Task goal - Return the lines that run from the beginning of the entries to the line holding "4、直流輸出方式創新,儀器巧", inclusive, and drop the pictures.

Data section Block Start

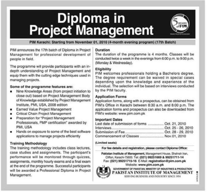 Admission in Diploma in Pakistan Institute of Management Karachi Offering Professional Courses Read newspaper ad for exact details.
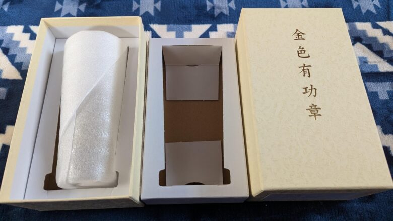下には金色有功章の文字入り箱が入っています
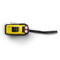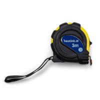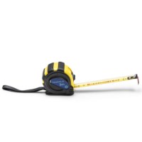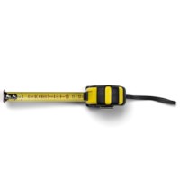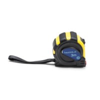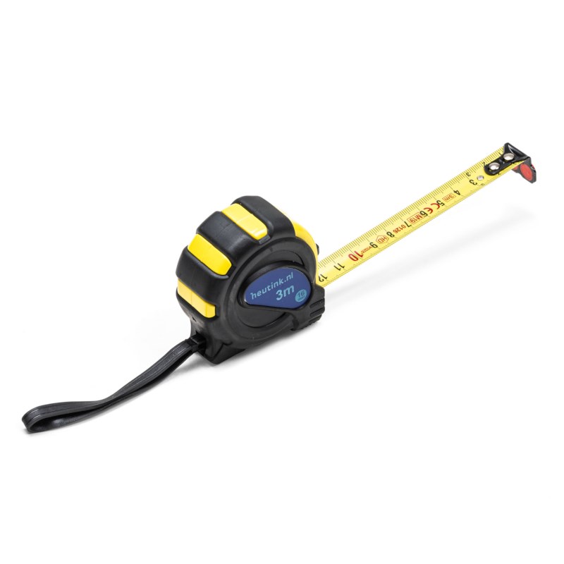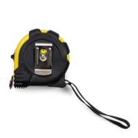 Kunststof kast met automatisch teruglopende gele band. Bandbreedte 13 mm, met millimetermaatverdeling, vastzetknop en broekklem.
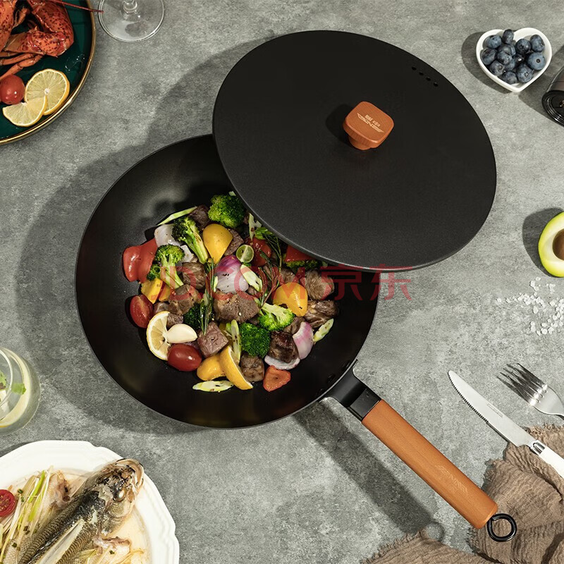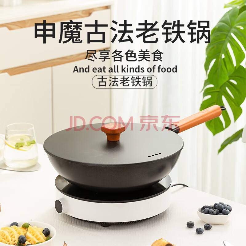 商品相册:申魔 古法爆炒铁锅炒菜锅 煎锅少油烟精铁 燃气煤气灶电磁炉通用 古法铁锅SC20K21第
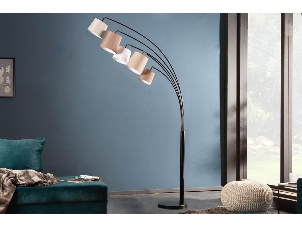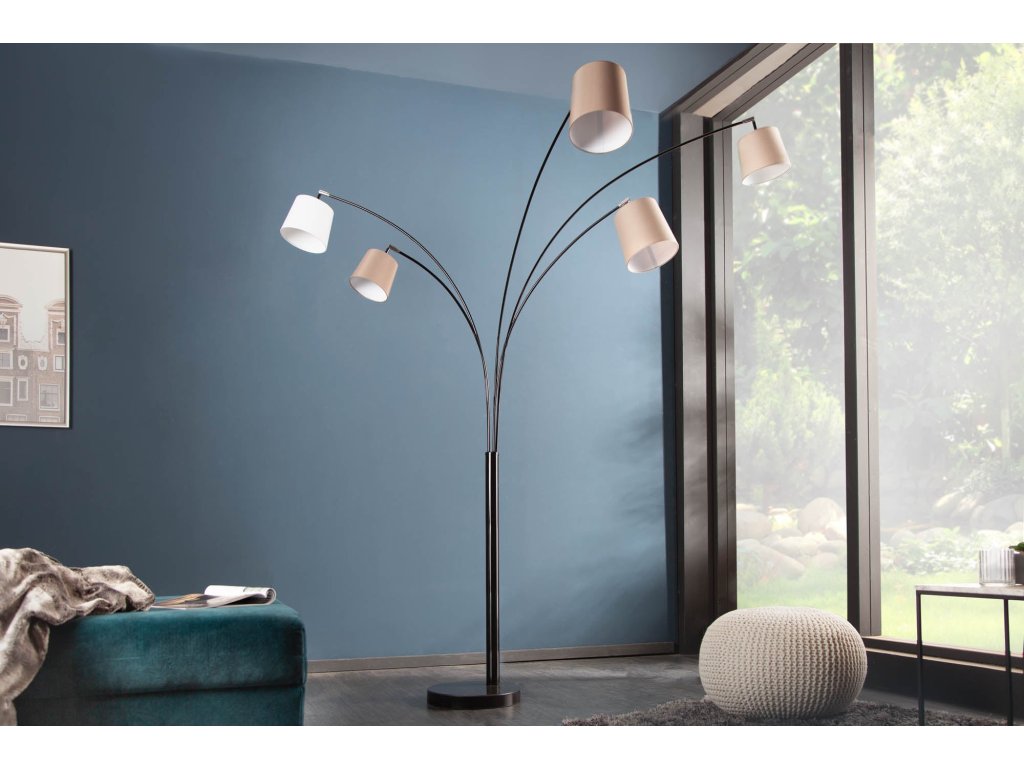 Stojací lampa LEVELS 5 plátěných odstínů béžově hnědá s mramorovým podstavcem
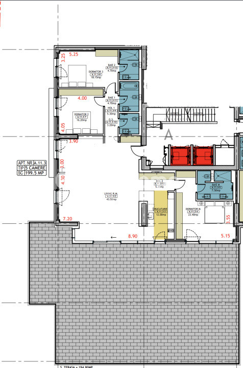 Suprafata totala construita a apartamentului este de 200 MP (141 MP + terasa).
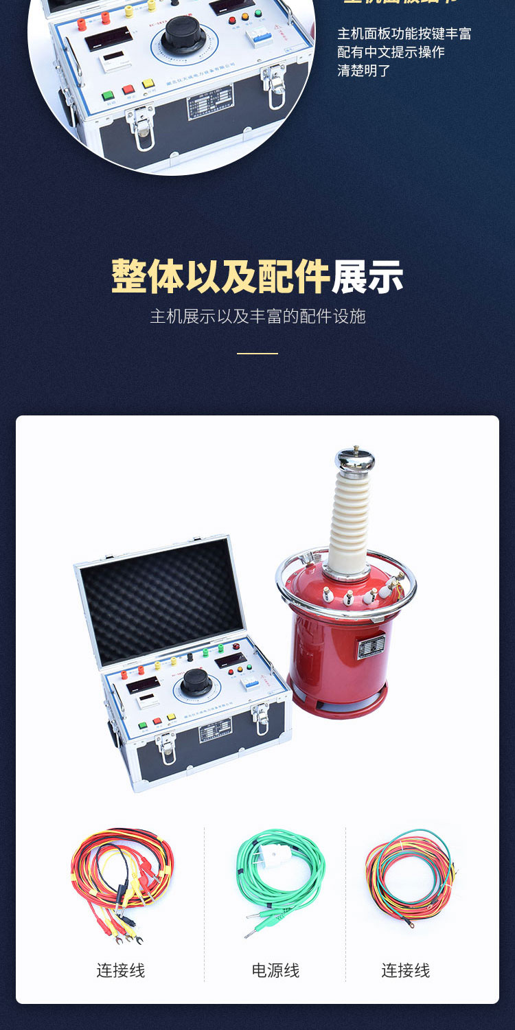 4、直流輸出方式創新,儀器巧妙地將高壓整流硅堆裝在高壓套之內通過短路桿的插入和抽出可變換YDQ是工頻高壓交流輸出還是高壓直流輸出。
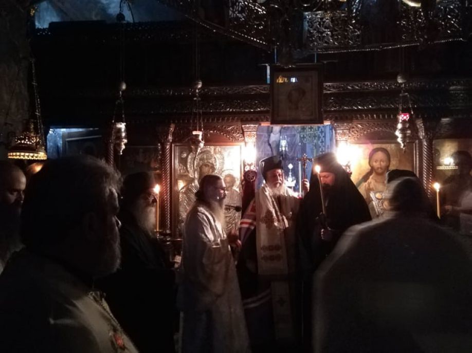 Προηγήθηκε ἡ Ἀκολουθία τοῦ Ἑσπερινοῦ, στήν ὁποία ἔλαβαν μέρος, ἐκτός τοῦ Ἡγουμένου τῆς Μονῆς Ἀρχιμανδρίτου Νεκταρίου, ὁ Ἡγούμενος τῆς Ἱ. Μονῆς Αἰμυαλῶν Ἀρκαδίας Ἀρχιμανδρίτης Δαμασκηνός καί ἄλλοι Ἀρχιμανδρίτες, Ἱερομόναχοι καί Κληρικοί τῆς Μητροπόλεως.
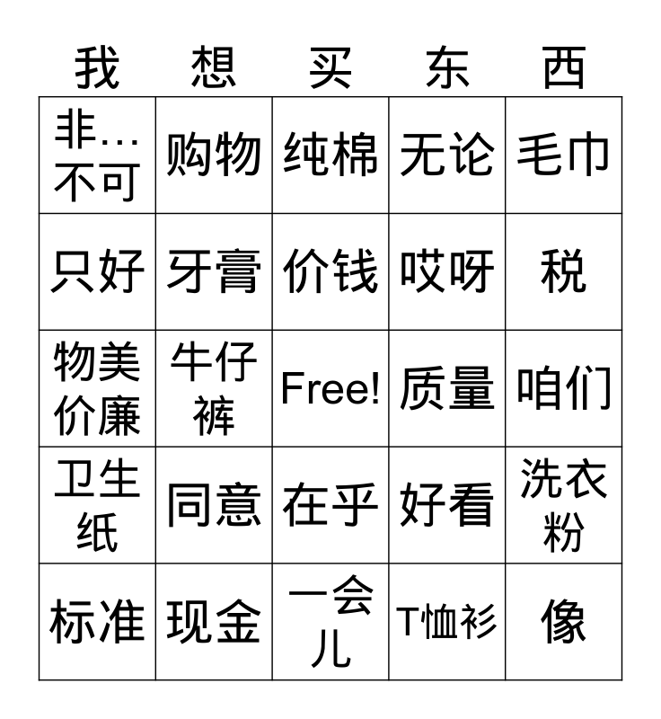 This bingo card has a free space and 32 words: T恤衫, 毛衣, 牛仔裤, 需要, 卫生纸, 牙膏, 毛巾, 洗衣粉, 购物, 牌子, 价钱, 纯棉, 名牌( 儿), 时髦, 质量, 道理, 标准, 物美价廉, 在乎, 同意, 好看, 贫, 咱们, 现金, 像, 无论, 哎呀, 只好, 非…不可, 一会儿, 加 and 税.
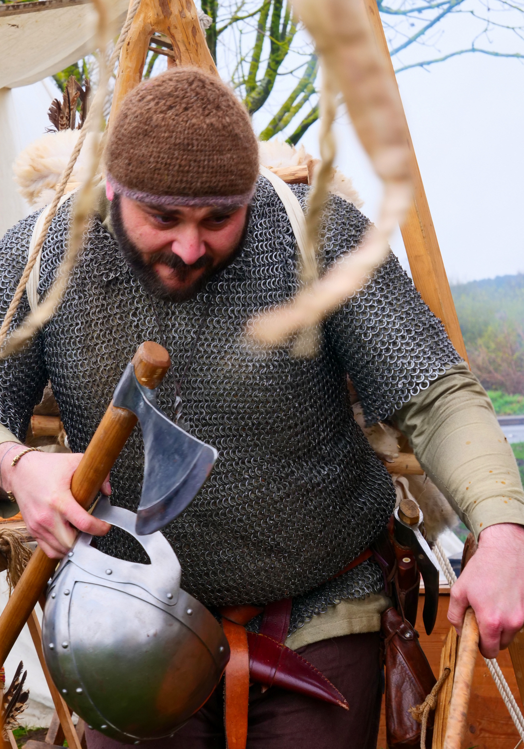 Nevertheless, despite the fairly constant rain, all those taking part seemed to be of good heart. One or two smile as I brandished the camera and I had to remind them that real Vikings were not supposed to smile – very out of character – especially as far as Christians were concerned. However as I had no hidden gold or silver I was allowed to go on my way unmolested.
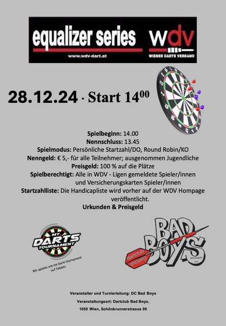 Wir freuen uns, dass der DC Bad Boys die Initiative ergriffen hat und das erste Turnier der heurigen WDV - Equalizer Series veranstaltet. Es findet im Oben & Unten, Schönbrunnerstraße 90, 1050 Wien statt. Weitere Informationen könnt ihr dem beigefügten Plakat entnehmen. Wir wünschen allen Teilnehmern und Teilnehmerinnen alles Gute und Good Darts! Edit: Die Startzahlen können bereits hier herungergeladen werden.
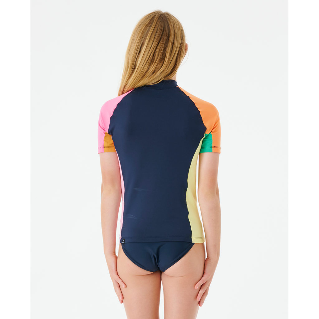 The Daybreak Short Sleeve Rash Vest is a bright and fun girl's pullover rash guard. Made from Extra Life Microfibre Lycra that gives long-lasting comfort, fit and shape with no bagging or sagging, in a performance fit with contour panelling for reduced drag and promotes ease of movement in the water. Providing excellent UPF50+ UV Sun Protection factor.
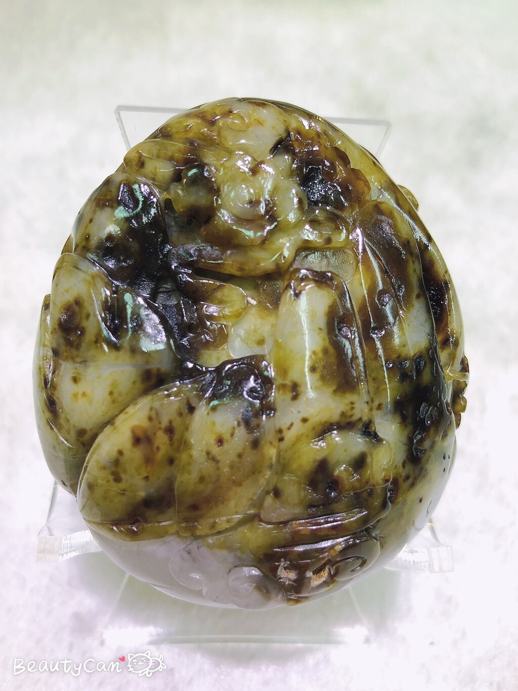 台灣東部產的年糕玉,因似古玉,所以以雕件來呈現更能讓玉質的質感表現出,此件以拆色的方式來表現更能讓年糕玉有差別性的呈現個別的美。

Data section Block End

Problem solution -
 Admission in Diploma in Pakistan Institute of Management Karachi Offering Professional Courses Read newspaper ad for exact details.
下には金色有功章の文字入り箱が入っています
 Kunststof kast met automatisch teruglopende gele band. Bandbreedte 13 mm, met millimetermaatverdeling, vastzetknop en broekklem.
 商品相册:申魔 古法爆炒铁锅炒菜锅 煎锅少油烟精铁 燃气煤气灶电磁炉通用 古法铁锅SC20K21第
 Stojací lampa LEVELS 5 plátěných odstínů béžově hnědá s mramorovým podstavcem
 Suprafata totala construita a apartamentului este de 200 MP (141 MP + terasa).
 4、直流輸出方式創新,儀器巧妙地將高壓整流硅堆裝在高壓套之內通過短路桿的插入和抽出可變換YDQ是工頻高壓交流輸出還是高壓直流輸出。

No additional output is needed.